Reference is now to be made to FIGS. 6 and 7, in which a stick-shaped filter 23" is tightly fitted in the needle bore 22. For improving the filtering efficiency, this filter 23" may preferably occupy the total length of the needle bore 22.

This type of needle assembly 10 may be prepared by inserting into the bore 22 the stick-shaped filter which has been moulded (and baked, if desired). However, it is preferable that the preparation is performed by the process including the steps of filling a powdered material of synthetic resin into the needle bore and baking the needle assembly as a whole to form a sintered stick-shaped filter.
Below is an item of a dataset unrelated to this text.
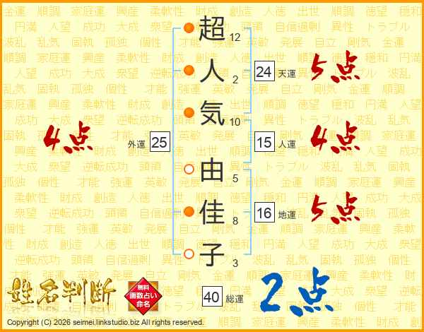 超(12画)人(2画)気(10画) 由(5画)佳(8画)子(3画)
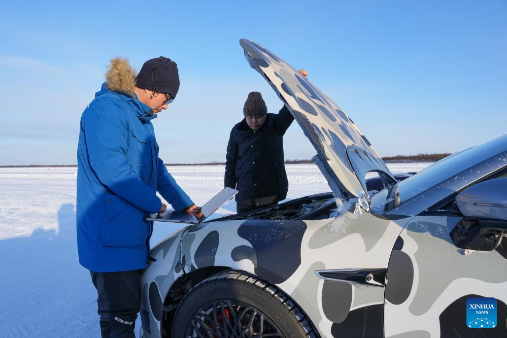 Engineer Yao Dong (L) checks the condition of a car after cold-area car testing at the Xiaowusili car testing base in Heihe, northeast China's Heilongjiang Province, Jan. 31, 2024. Before a new car product goes on sale, it has to undergo cold-weather testing. Heihe, a city in China's northernmost province of Heilongjiang, has various favorable conditions for cold-area car testing, including diverse landforms and cold, dry weather in the winter. Its high-quality services have drawn more and more carmakers to test new products in the city in recent years. On Jan. 9, the city entered a 120-day annual car testing season.

The needle assembly 10 of this embodiment can be used with the drip set 30 in a similar manner to the previous embodiment shown in FIG. 4. However, this needle assembly 10 can also be used in combination with an injection syringe, as shown in FIG. 7. In a proposed safe use, the aspiration operation is performed with use of a first needle assembly which has been connected to the tapered end of the injection syringe. After removal of this first needle assembly, a second needle assembly in connected to the syringe in place of the first one. As a result, the injection operation can be accomplished with use of the second non-contaminated assembly. Although this use may cost more per an injection operation and may require the tedious replace operation, it should be appreciated that a serious danger concomitant with inclusion of the dust particles can be completely avoided. As has been pointed out previously, this use can also be effected by the needle assembly of FIG. 4, when the filter 23' is adhered to the stepped end 19.
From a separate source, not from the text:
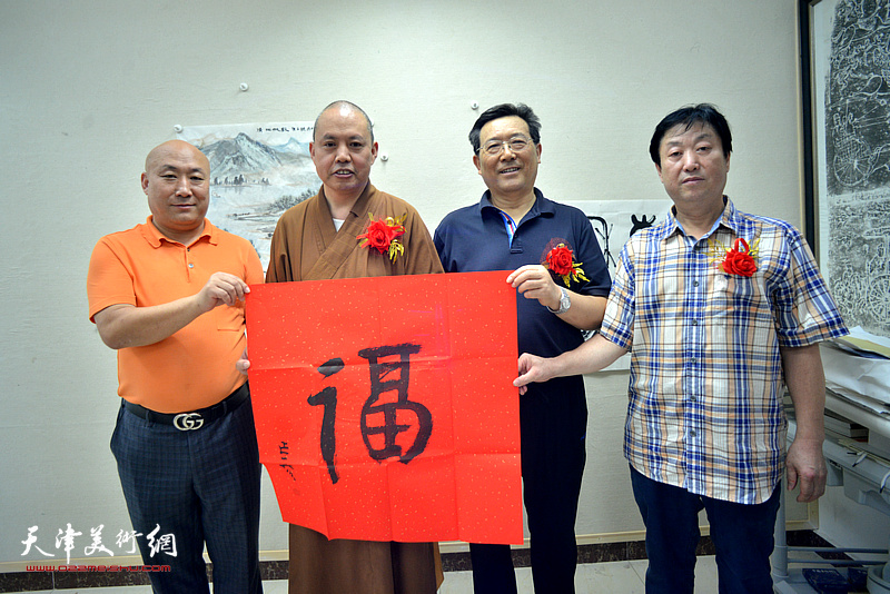 左起:吴智国、延参法师、张霁星、刘胜洋在朝华园南开画院活动中心。

From the above description, the needle assembly according to the present invention is of simple structure but can effectively remove the prospective dust particles, thus insuring safety for injection. Therefore, the needle assembly finds a wide variety of applications such as intravenous, intramuscular and hypodermic injections.

Claims

What is claimed is:

1. A needle assembly for use in a medical injector, comprising a substantially cylindrical needle holder having a tapered bore for communication through its enlarged end with a chamber in said injector and a passageway leading from a reduced end of said bore and smaller in cross sectional diameter than the bore, a needle connected to said needle holder and having a passageway aligned and communicating at one end with said passageway in the needle holder, said needle having an opening at the other end forming a piercing point, a plurality of annularly spaced projections formed on an inner peripheral surface of said needle holder defining said bore and located in proximity to said reduced end of said bore, and a substantially disc-shaped filter element movable between said reduced end and said projections and having a thickness smaller than a distance between said reduced end of said bore and said projections, said filter having a diameter substantially smaller than a diameter of said reduced end of said bore and larger than a diameter of said passageway in said needle holder and a diameter of a circle described by ends of said projections.